Estimate of the global warming potential of the Tasmanian pyrethrum industry in comparison to other crops, potato and onion
Hay, F and Pethybridge, SJ, Estimate of the global warming potential of the Tasmanian pyrethrum industry in comparison to other crops, potato and onion, Acta Horticulturae, 1073 pp. 71-78. ISSN 0567-7572 (2015) [Refereed Article]
A desktop study was undertaken to assess the contribution of the pyrethrum industry in Tasmania, Australia to on-farm greenhouse gas (GHG) emissions in comparison to potato and onion.
Pyrethrum used significantly less diesel in transport than potato or onion.
This was mainly due to the lower weight of dried flowers harvested from pyrethrum crops in comparison to the weight of crop from potato and onion fields (60 t/ha). First harvest pyrethrum required a similar amount of diesel to potato and onion for tractor and harvester operations.
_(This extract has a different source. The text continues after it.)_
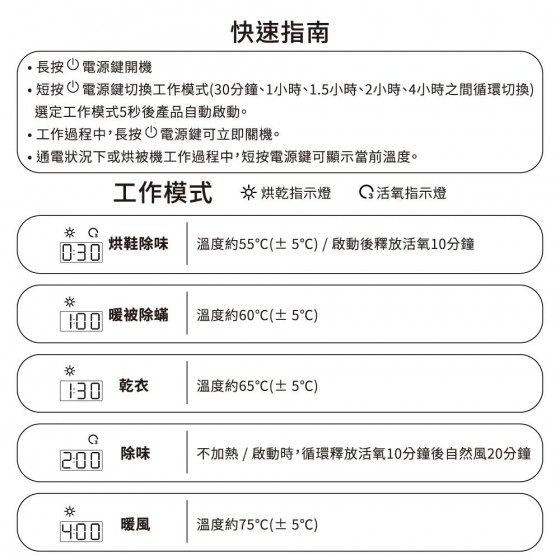 5段模式(烘鞋除味、暖被除蟎、乾衣、除味、暖風)
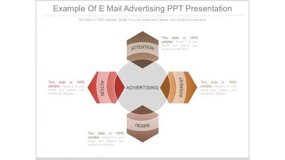 This is a example of e mail advertising ppt presentation. This is a four stage process. The stages in this process are attention, action, desire, interest, advertising.

However, older pyrethrum crops required only 41% of the diesel used in potato and onion crops due mainly to the perennial nature of pyrethrum and the absence of cultivation in years subsequent to planting.
Pyrethrum required greater inputs (kg a.i./ha) of herbicides and lower inputs of fungicides than potato and onion.
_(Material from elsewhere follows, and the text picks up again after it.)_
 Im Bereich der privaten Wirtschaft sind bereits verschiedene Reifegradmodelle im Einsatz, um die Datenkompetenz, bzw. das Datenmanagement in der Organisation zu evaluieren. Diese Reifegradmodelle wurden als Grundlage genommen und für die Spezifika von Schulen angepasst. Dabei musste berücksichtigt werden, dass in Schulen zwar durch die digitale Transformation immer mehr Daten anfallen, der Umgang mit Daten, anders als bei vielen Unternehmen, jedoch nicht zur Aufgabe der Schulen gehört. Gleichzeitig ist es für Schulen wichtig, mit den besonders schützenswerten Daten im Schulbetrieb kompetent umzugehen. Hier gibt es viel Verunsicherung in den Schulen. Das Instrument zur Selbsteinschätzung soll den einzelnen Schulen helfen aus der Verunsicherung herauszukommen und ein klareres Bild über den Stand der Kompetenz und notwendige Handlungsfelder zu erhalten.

All three crops required little input of insecticides.
Pyrethrum had substantially lower inputs of nitrogen (N) and phosphorus (P) than potato or onion.
First-harvest pyrethrum required only 38 and 59% of the N required by potato and onion, respectively.
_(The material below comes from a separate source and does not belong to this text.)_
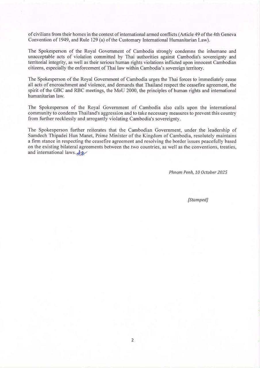 អ្នកនាំពាក្យរាជរដ្ឋាភិបាលកម្ពុជា សូមអំពាវនាវឱ្យអាជ្ញាធរថៃបញ្ឈប់ទង្វើរំលោភបំពាន និងអំពើហិង្សា ទាំងអស់នេះជាបន្ទាន់ និងទាមទារឱ្យភាគីថៃគោរពកិច្ចព្រមព្រៀងបទឈប់បាញ់ និងស្មារតីនៃកិច្ចប្រជុំ GBC និង RBC អនុស្សរណៈនៃការយោគយល់គ្នា (MoU) ឆ្នាំ២០០០ និងគោលការណ៍សិទ្ធិមនុស្ស ក៏ដូចជាច្បាប់ មនុស្សធម៌អន្តរជាតិជាធរមាន ។

Moreover, pyrethrum required lower potassium (K) than potato, but higher K than onion.
The electricity consumption associated with irrigation of pyrethrum and onion were similar, and amounted to 39% that of potato, due to the higher irrigation requirement of potato (5.1 ML/ha) in comparison to pyrethrum and onion (2.0 ML/ha) in Tasmania.
The global warming potential (GWP) per hectare associated with planting to harvest of first year pyrethrum (18 months) and subsequently from one harvest to another (12 months) was estimated at 4,128.8 and 2,184.7 kg CO2-e/ha, respectively.
By comparison the GWP resulting from planting to harvest of potato and onion in Tasmania (4 months) was estimated at 5,284.0 and 4,875.3 kg CO2-e/ha.
The GWP of first year pyrethrum was therefore 78% that of potato and 85% that of onion, while the annual GWP per hectare of older pyrethrum fields was 41% that of potato and 45% that of onion.
This study was based on strict assumptions and on generic emission factors for greenhouse gases.
Therefore caution is required with the absolute figure for GWP. However, this study indicated that the on-farm production of pyrethrum is a relatively low contributor to GHG production on a per hectare basis, in comparison to other annual crops often grown in rotation.